* _TASK PROMPT_
Using the listing below, set down exactly the lines from the one that contains "Машината е оборудвана" through the one that contains "スタンドパック ワイドALタ", with no pictures.

* _EXTRACTED RECORDS_
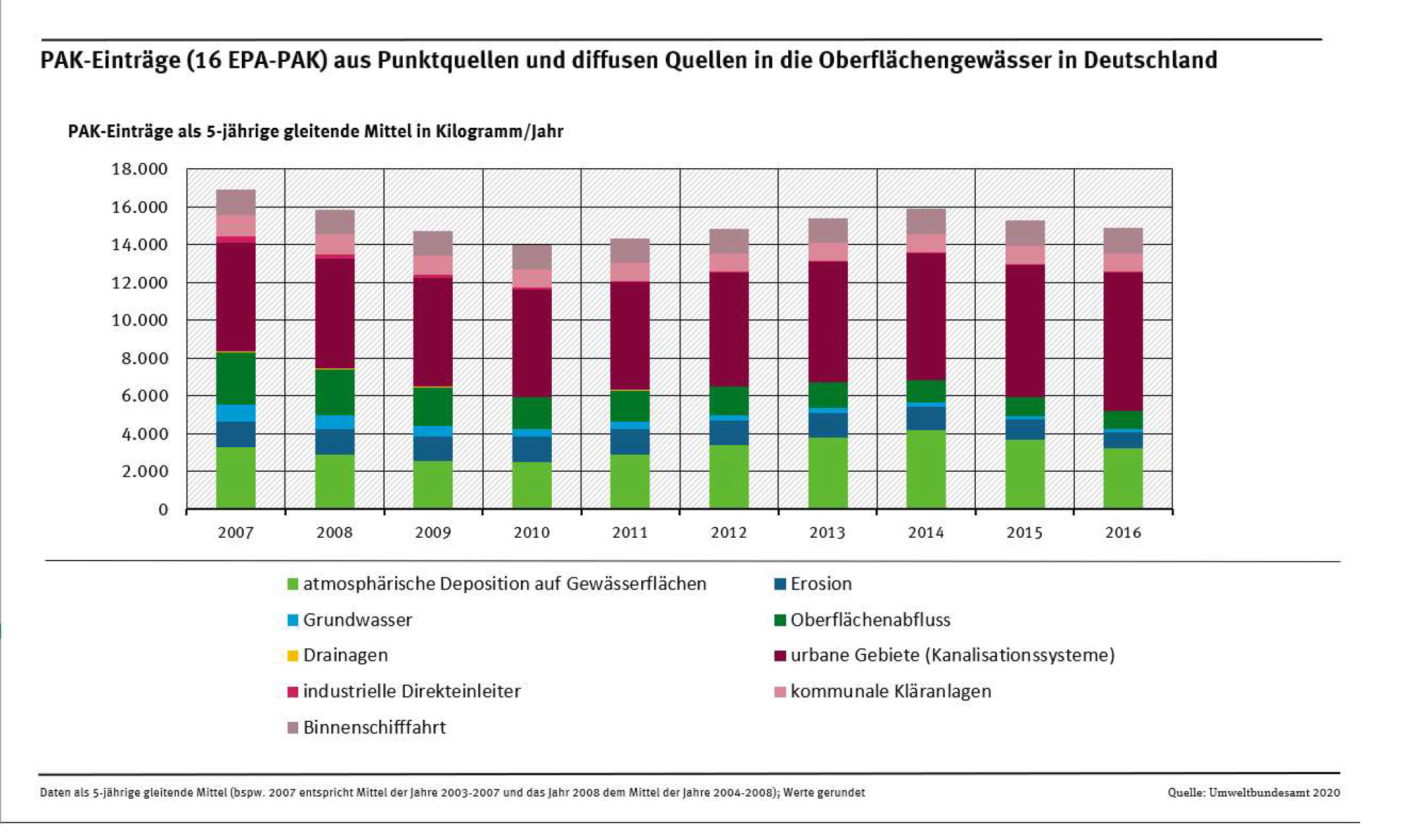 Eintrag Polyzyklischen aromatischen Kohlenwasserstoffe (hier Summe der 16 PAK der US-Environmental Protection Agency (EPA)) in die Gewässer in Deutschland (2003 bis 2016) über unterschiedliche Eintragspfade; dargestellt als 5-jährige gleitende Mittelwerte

---

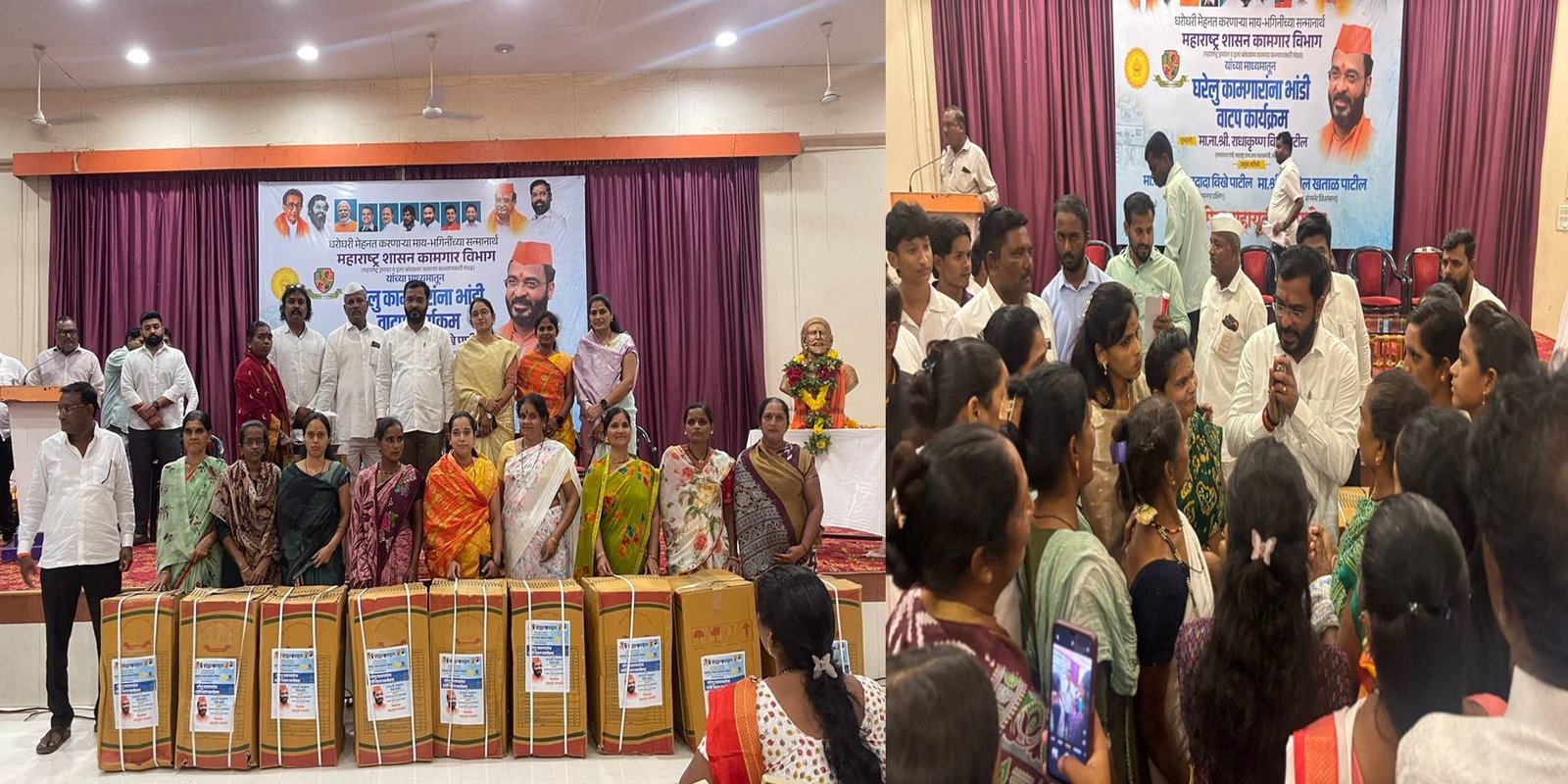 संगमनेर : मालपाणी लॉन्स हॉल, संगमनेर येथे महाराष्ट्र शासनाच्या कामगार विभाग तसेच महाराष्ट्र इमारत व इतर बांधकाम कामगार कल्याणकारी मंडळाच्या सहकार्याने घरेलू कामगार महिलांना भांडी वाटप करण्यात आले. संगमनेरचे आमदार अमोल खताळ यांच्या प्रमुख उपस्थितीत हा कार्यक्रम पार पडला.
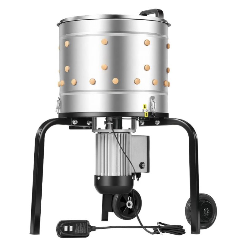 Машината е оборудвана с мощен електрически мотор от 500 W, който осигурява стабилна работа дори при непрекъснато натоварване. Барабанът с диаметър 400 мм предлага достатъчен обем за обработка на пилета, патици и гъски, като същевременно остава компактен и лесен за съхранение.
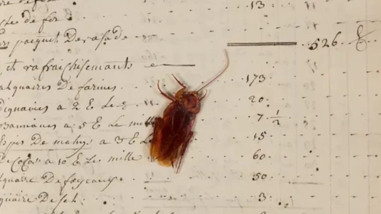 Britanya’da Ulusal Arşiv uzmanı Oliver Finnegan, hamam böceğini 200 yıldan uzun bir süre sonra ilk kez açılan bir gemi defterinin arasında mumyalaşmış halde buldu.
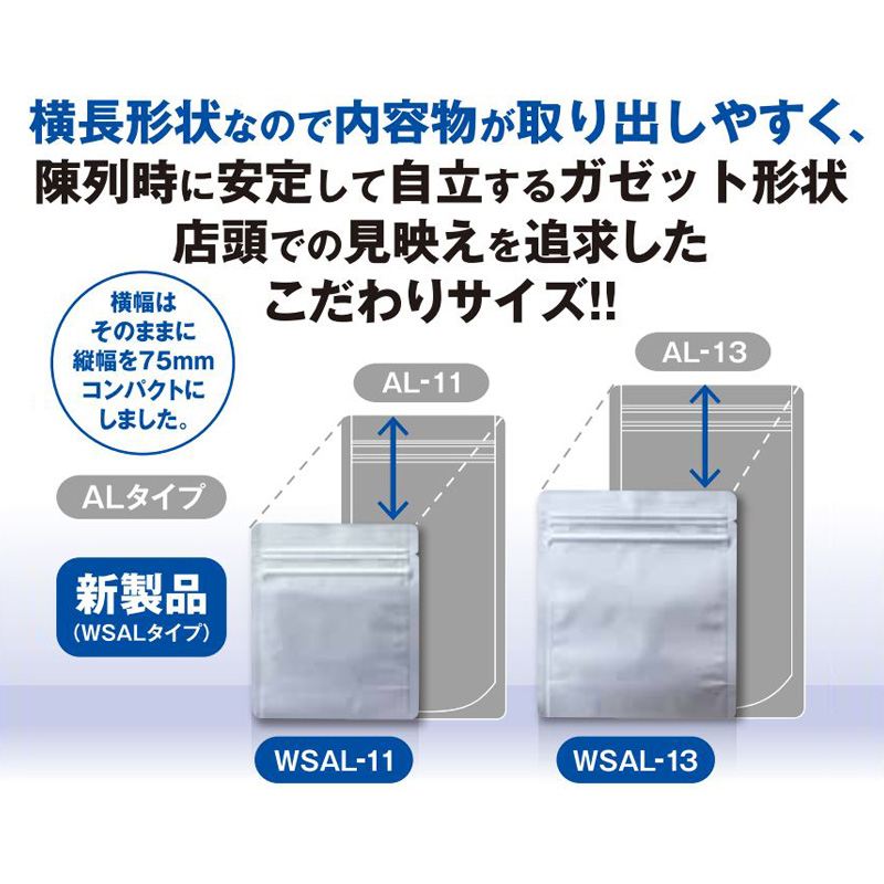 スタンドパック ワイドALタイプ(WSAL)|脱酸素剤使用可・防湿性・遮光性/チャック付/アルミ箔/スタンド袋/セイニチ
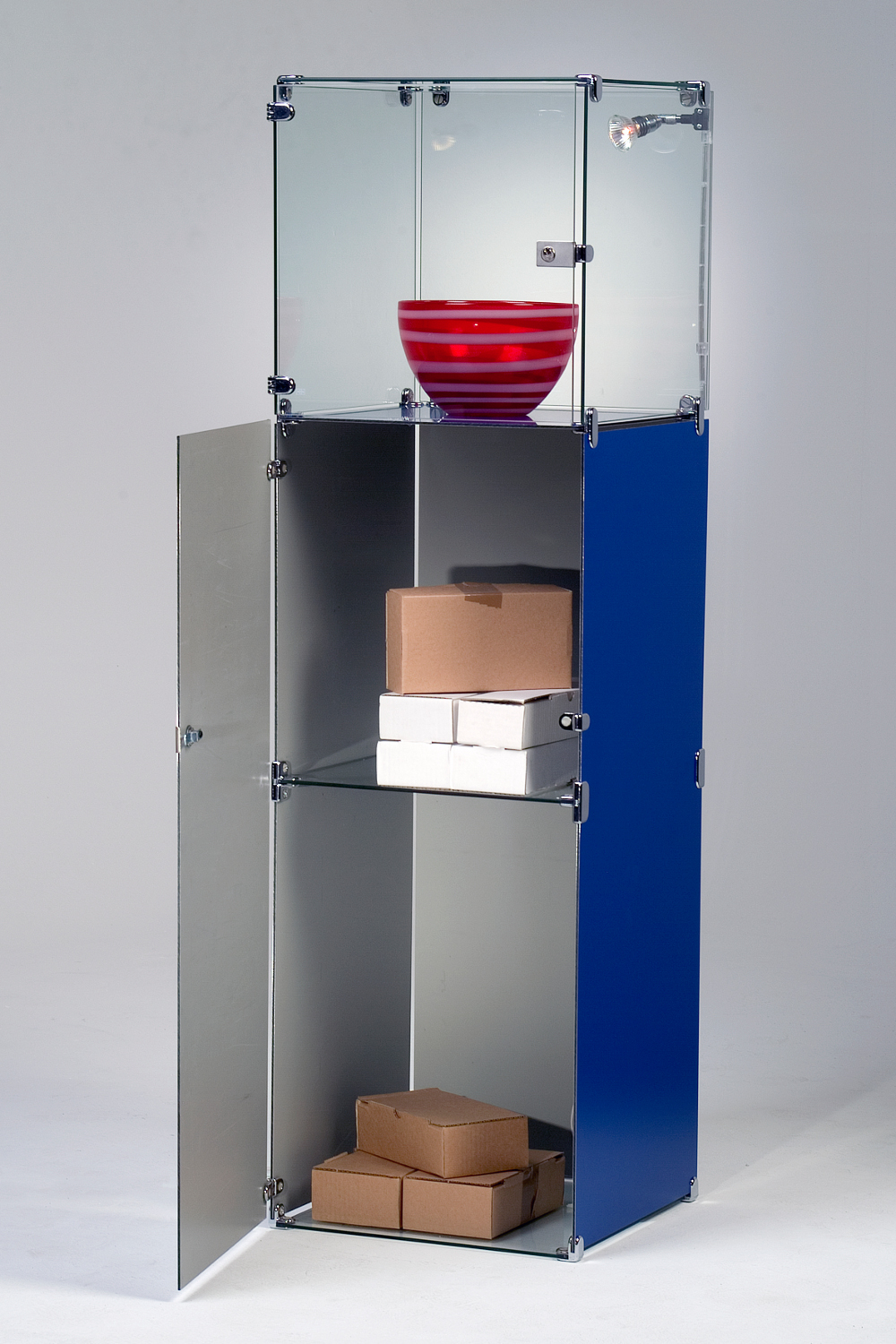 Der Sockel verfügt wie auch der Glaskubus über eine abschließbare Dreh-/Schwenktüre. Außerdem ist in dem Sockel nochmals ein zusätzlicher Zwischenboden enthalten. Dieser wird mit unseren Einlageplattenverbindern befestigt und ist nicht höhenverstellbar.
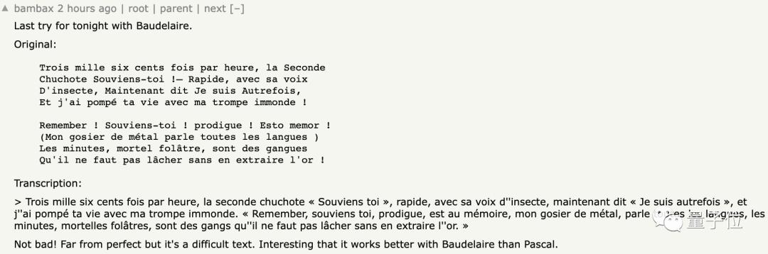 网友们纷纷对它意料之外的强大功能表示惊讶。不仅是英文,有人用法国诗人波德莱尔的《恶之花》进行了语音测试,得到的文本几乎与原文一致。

* _ANSWER SPACE_
 Машината е оборудвана с мощен електрически мотор от 500 W, който осигурява стабилна работа дори при непрекъснато натоварване. Барабанът с диаметър 400 мм предлага достатъчен обем за обработка на пилета, патици и гъски, като същевременно остава компактен и лесен за съхранение.
 Britanya’da Ulusal Arşiv uzmanı Oliver Finnegan, hamam böceğini 200 yıldan uzun bir süre sonra ilk kez açılan bir gemi defterinin arasında mumyalaşmış halde buldu.
 スタンドパック ワイドALタイプ(WSAL)|脱酸素剤使用可・防湿性・遮光性/チャック付/アルミ箔/スタンド袋/セイニチ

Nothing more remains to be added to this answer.